Below are some entries. Repeat exactly the lines from the one with "我们发现这段程序跟 《用pywin32完美提取Word文件中的脚注文本》 里面的程序非常像,是的,主要就是把" through the one with "再看看發(fā)行人的盈利水", and only those.

§ MATERIAL FOR THIS EXERCISE:
:::

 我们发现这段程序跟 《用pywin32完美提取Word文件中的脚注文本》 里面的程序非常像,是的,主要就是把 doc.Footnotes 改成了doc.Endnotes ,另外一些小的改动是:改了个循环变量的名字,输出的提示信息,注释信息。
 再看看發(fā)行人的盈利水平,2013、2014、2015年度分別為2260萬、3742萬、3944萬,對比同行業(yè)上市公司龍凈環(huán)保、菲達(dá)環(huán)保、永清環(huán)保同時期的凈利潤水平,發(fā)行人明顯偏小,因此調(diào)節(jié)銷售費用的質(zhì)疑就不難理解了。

:::

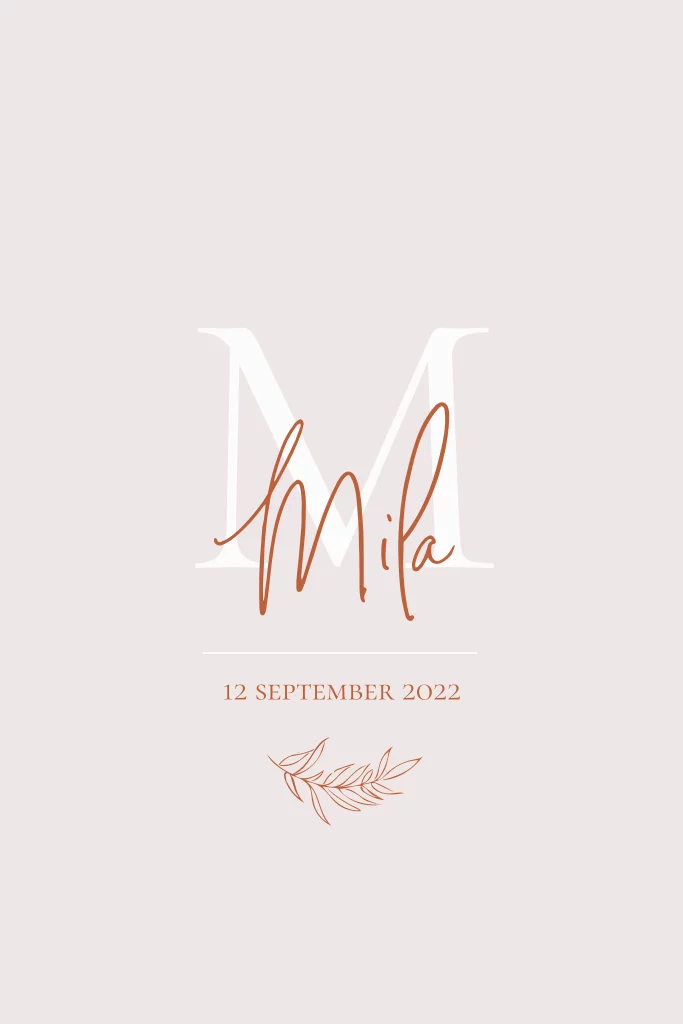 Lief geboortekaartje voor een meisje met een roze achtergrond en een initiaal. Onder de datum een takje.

:::

§ ANSWER SPACE:
 我们发现这段程序跟 《用pywin32完美提取Word文件中的脚注文本》 里面的程序非常像,是的,主要就是把 doc.Footnotes 改成了doc.Endnotes ,另外一些小的改动是:改了个循环变量的名字,输出的提示信息,注释信息。
 再看看發(fā)行人的盈利水平,2013、2014、2015年度分別為2260萬、3742萬、3944萬,對比同行業(yè)上市公司龍凈環(huán)保、菲達(dá)環(huán)保、永清環(huán)保同時期的凈利潤水平,發(fā)行人明顯偏小,因此調(diào)節(jié)銷售費用的質(zhì)疑就不難理解了。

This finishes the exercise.